Legislature To Reconsider Definition Of 'Tennessee Whiskey'
by Jason Lamb
NASHVILLE, Tenn. – The popularity of Tennessee Whiskey is soaring, but just what exactly is it?
That's the question facing lawmakers this week as they debate a bill to loosen the definition of what can be called "Tennessee Whiskey."
Current law, passed last year by the legislature, says to be called Tennessee Whiskey, it must be stored in new white oak barrels – they cannot be reused.
Jack Daniel's Distillery said the current law defining Tennessee Whiskey helps keep standards up, just like Kentucky Bourbon, or true French Champagne.
Rep. Bill Sanderson (R-Kenton) said the requirement that the barrels have to be new hurts smaller distilleries in his district that want to re-use them to save money.
He said there are other differences and ingredients in Tennessee Whiskey-making that can affect quality just as much as the barrel, and that the current law unfairly benefits Jack Daniel's distillery, which makes its own barrels.
Jack Daniel's said used barrels can make a big difference in the quality of the whiskey. The distillery said even though it makes their own barrels, it doesn't save them any money.

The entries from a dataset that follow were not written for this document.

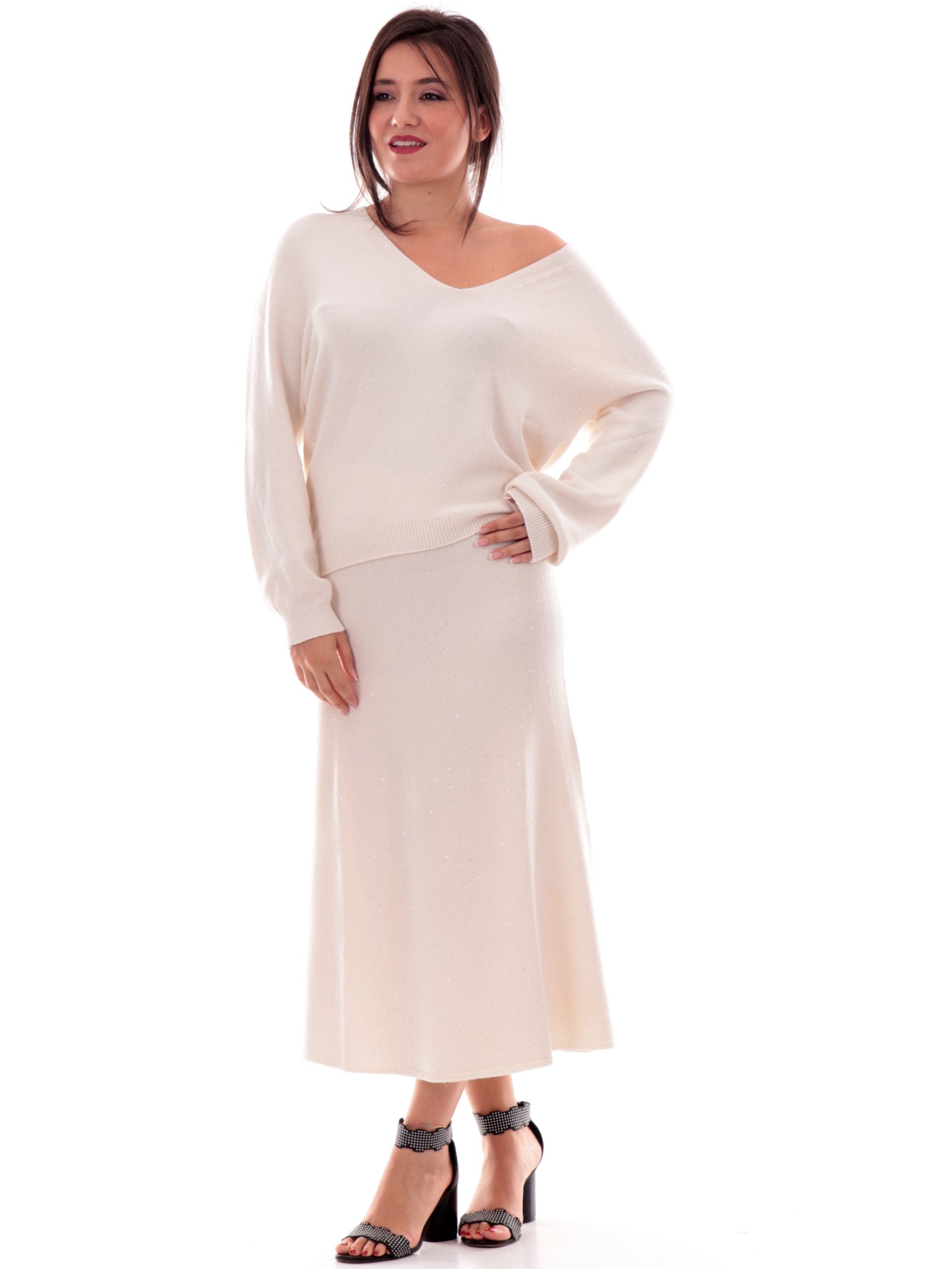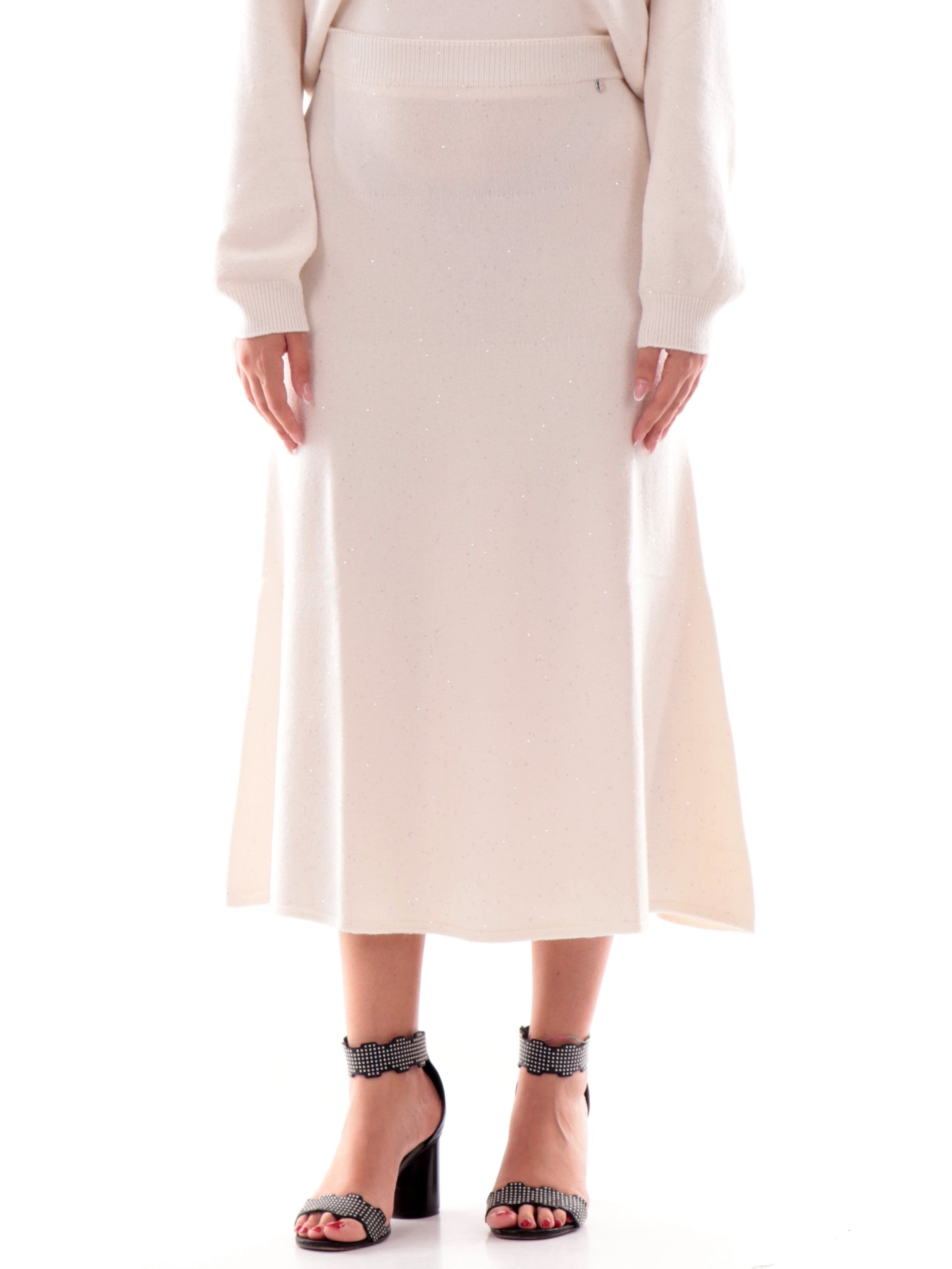 Gonna Liu Jo bianca in maglia da donna Longuet con paillettes MF5295MA27R
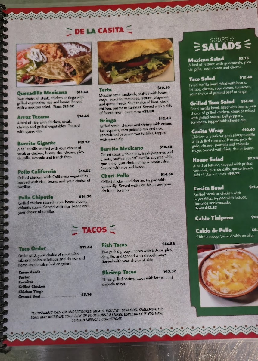 Step into La Casita Cafe, where every dish is crafted to bring the vibrant flavors of home-cooked comfort food straight to your table. The La Casita Cafe Menu offers a variety of mouthwatering options, from classic favorites to bold new creations that will leave your taste buds dancing. Whether you're craving hearty Mexican classics or something with a twist, this menu has something for everyone. Enjoy the warmth of freshly made tortillas, sizzling fajitas, and flavorful tacos, all prepared with the finest ingredients and a lot of love. Each dish is designed to provide a satisfying, fulfilling meal, perfect for a casual lunch or a cozy dinner with friends and family.
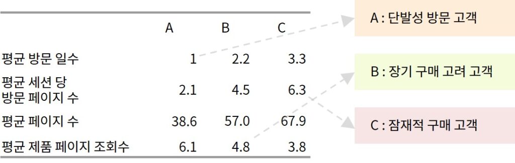 구매하지 않은 고객의 행동을 분석한 후 특징에 따라 세분화하였습니다. 평균 방문 일수, 평균 세션 당 방문 페이지 수, 평균 페이지 수, 평균 제품 페이지 조회수 등을 비교 분석하여 방문 패턴과 구매를 고려하는 기간을 파악하여 서로 다른 세그먼트로 분류하였습니다. 이 중에서 마케팅을 시도하였을 때 가장 구매 전환율이 높을 것이라고 예상되는 ‘잠재적 구매 고객’ 그룹을 발굴하였고, ‘장기 구매 고려 고객’의 경우에는 추가적인 혜택을 제공하여 구매 전환을 유도하려는 전략을 세웠습니다. 이렇게 고객 분석을 통해 세그먼트의 특징별로 시행할 수 있는 액션을 도출하였습니다.
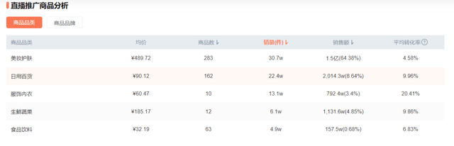 彩虹夫妇直播推广商品品类分析 图源 / 蝉妈妈数据
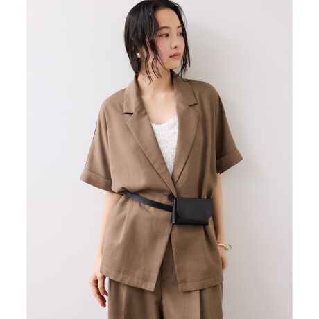 シングルでスッキリ見えるジャケットです。ドルマンしシルエットなので腕周りもゆとりがあり涼しくきていただけてます。
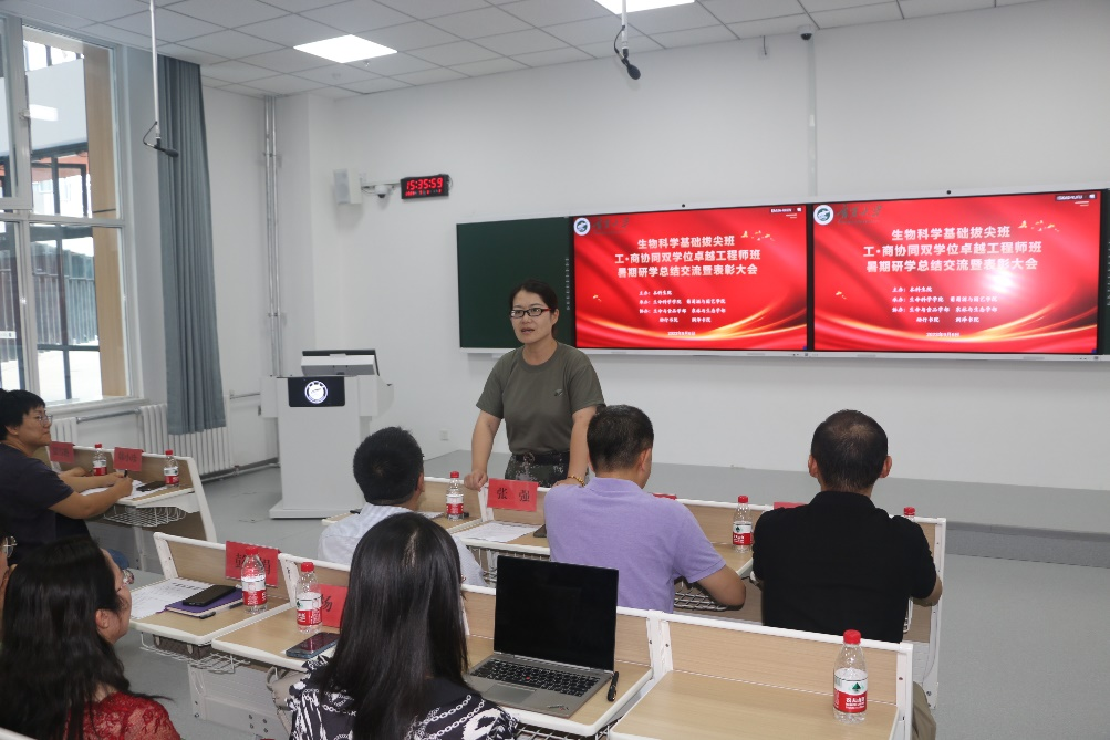2023年9月6日,生物科学基础拔尖班、工•商协同双学位卓越工程师班暑期研学总结交流暨表彰大会在贺兰山校区未来教室109顺利召开。生命与食品学部常务副部长、生命科学学院院长苏建宇,励行书院党委书记、院长张强,润泽书院党委书记、院长马骏,本科生院副院长刘国军,农林与生态学部副部长韩小珍,生命与食品学部副部长徐金瑞,葡萄酒与园艺学院副院长张雪艳,生命科学学院副院长李乐,生物科学(基础拔尖人才培养班)班主任杨易,工·商协同双学位卓越工程师班班主任仉瑞,物理学院教师杨涛、郝睿及化学化工学院教师彭娟出席了本次会议。
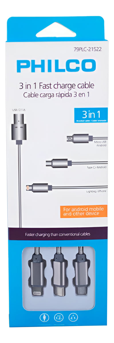 Cable Carga Rápida 3 En 1 Micro Usb iPhone Tipo C Philco
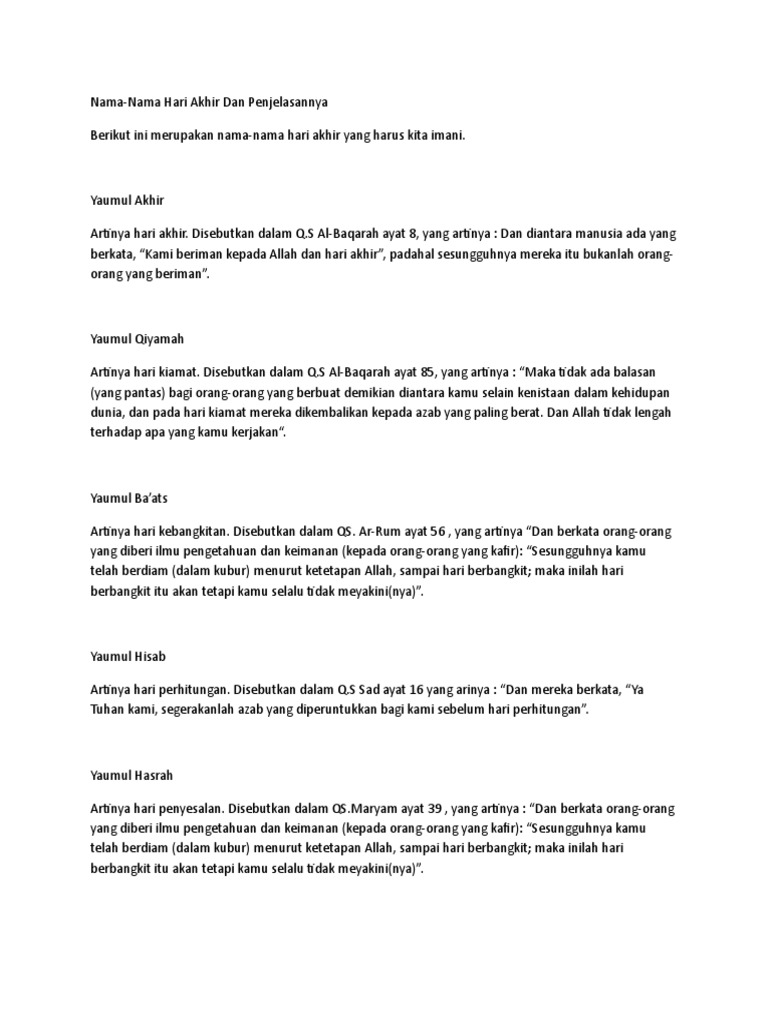 Doc Nama Lain Dari Hari Berbangkit Berdasarkan Dalil Dari Al Dyana Latifa Academia Edu
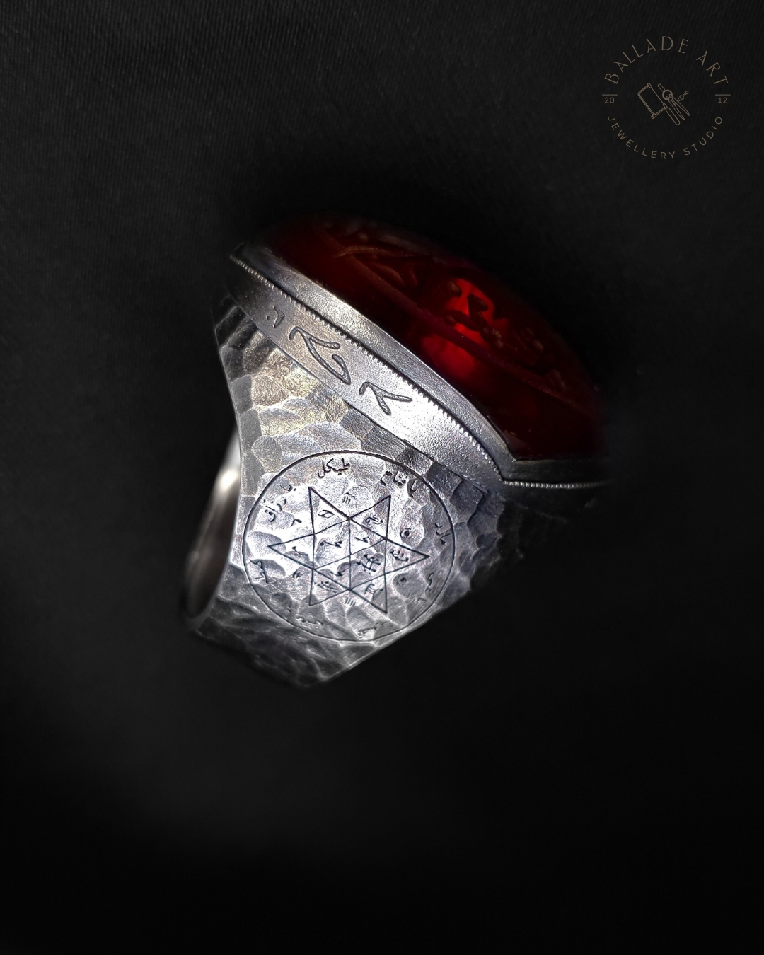 Bu yüzük, koruyucu ve hüküm tılsımları barındırmalıydı aynı zamanda da antik bir görüntüye sahip olmalı, islam kültürünün sembolizmasını ve süsleme akımlarını da barındırmalıydı.
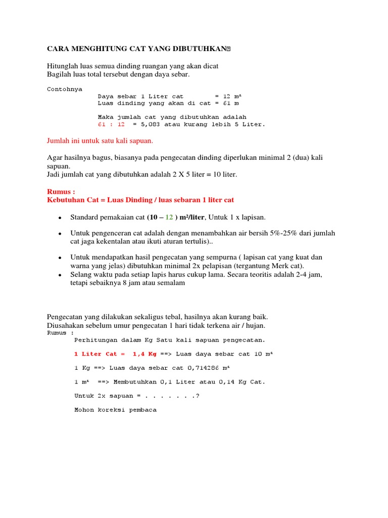 Cara menghitung kebutuhan cat atau coating secara umum menggunakan rumus sebagai berikut. Melalui rumus menghitung kebutuhan cat dinding rumah di atas dapat disimpulkan bahwa kebutuhan cat untuk ruangan dengan luas 3 x 5 m adalah 4 liter untuk satu kali pelapisan cat. Kebutuhan cat luas akan di cat daya sebar 1 liter. Maka rumus perhitungan kebutuhan cat menjadi.
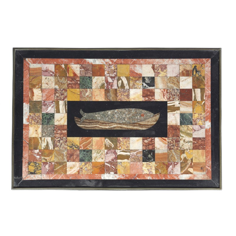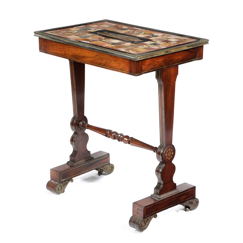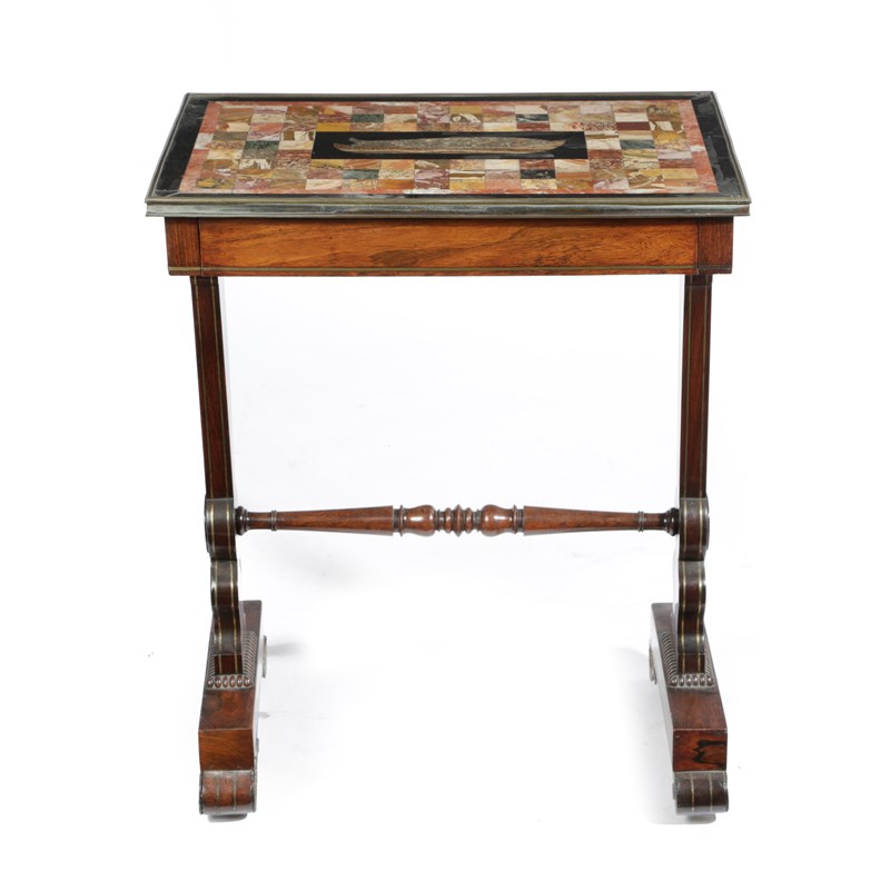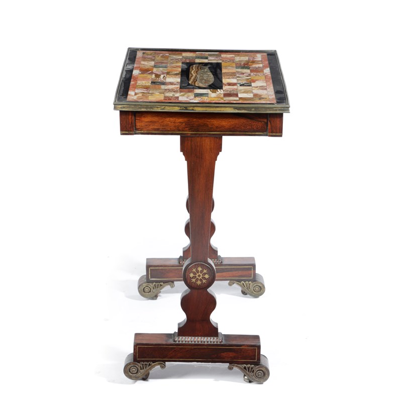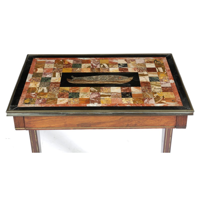the top inlaid with a variety of marbles and alabasters including Siena, rouge griotte and verde antico, the centre with a panel depicting a fish in a bowl, the underside inscribed 'Healey, No 9 Upper Ogle Street, Mary Le Bone, London, 1819', above a frieze drawer on a rosewood and brass inlaid base with scroll feet
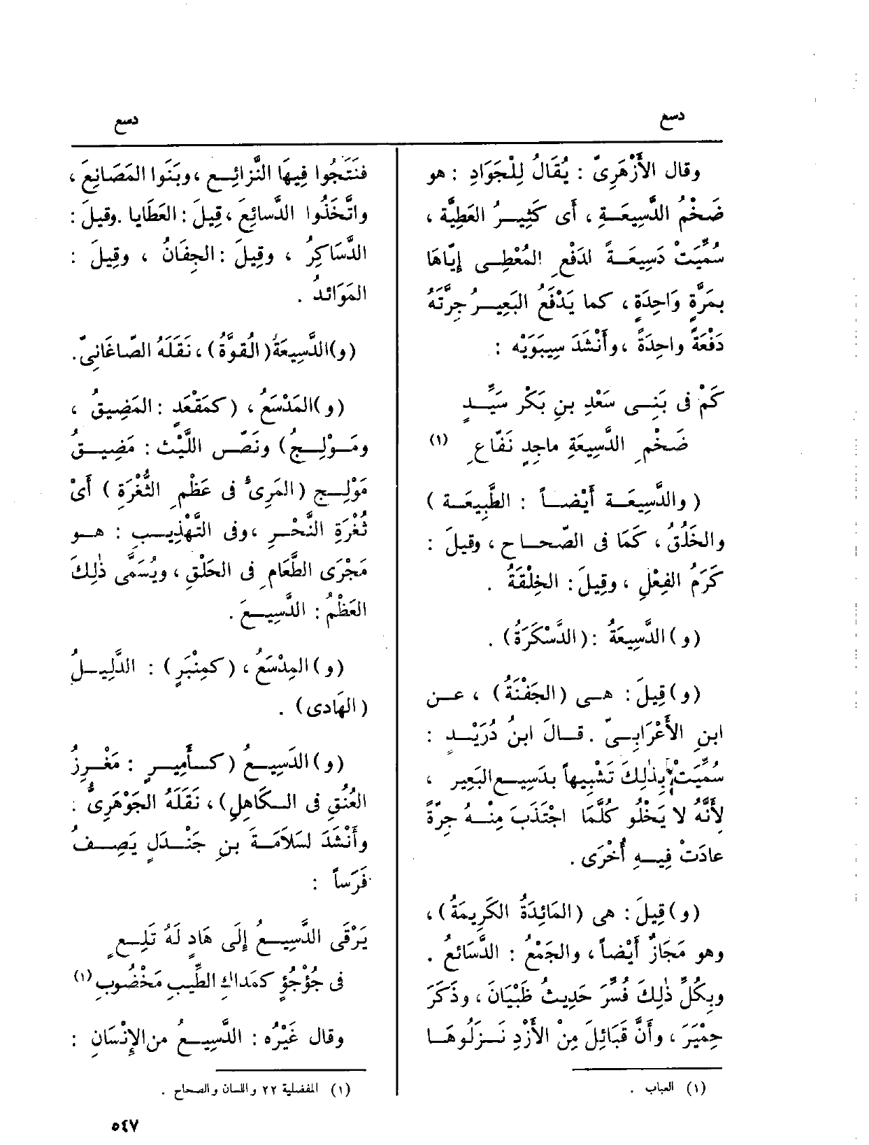 وَقَالَ الأَزْهَرِيّ: يُقَالُ لِلْجَوَادِ: هُوَ ضَخْمُ الدَّسِيعَةِ، أَي) كَثِيرُ العَطِيَّة، سُمِّيَتْ دَسِيعَةً لدَفْعِ المُعْطِي إِيّاهَا بمَرَّةٍ وَاحِدَةٍ، كَمَا يَدْفَعُ البَعِيرُ جِرَّتَهُ دَفْعَةً واحِدَةً، وأَنْشَدَ سِيبَوَيْه:
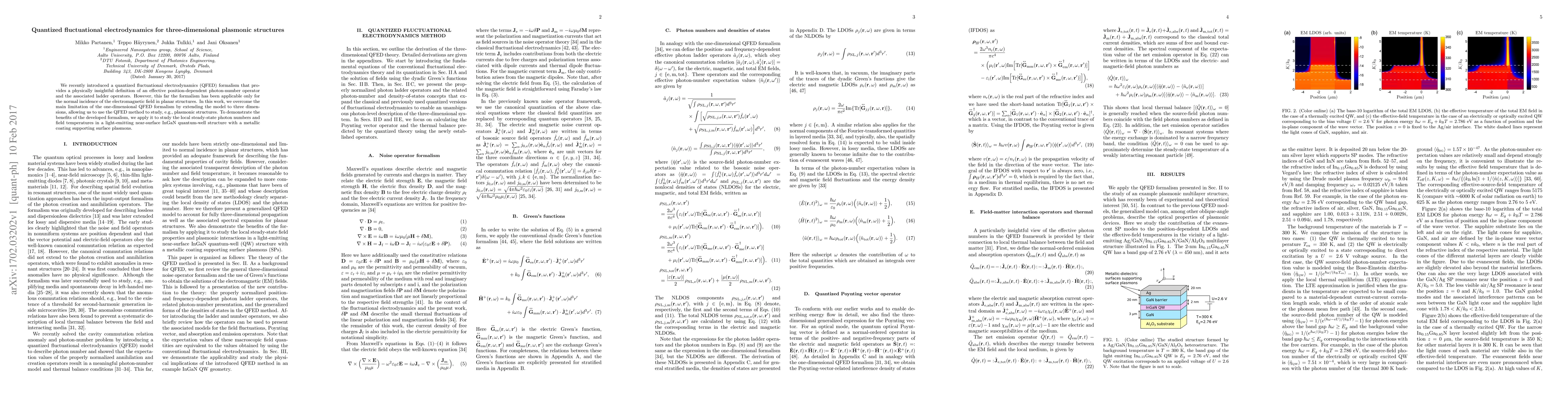 We recently introduced a quantized fluctuational electrodynamics (QFED) formalism that provides a physically insightful definition of an effective position-dependent photon-number operator and the associated ladder operators. However, this far the formalism has been applicable only for the normal incidence of the electromagnetic field in planar structures. In this work, we overcome the main limitation of the one-dimensional QFED formalism by extending the model to three dimensions, allowing us to use the QFED method to study, e.g., plasmonic structures. To demonstrate the benefits of the developed formalism, we apply it to study the local steady-state photon numbers and field temperatures in a light-emitting near-surface InGaN quantum-well structure with a metallic coating supporting surface plasmons.

"It's not a cost measure for us, but we feel passionately that when something is all of your color and half of your flavor, that's worth investing in," said Jeff Arnett, Master Distiller for Jack Daniel's.
Sanderson said he's just trying to level the playing field for all distilleries.
"It's good for business because it's good for the little guy, the small distilleries popping up all over the state," Sanderson said.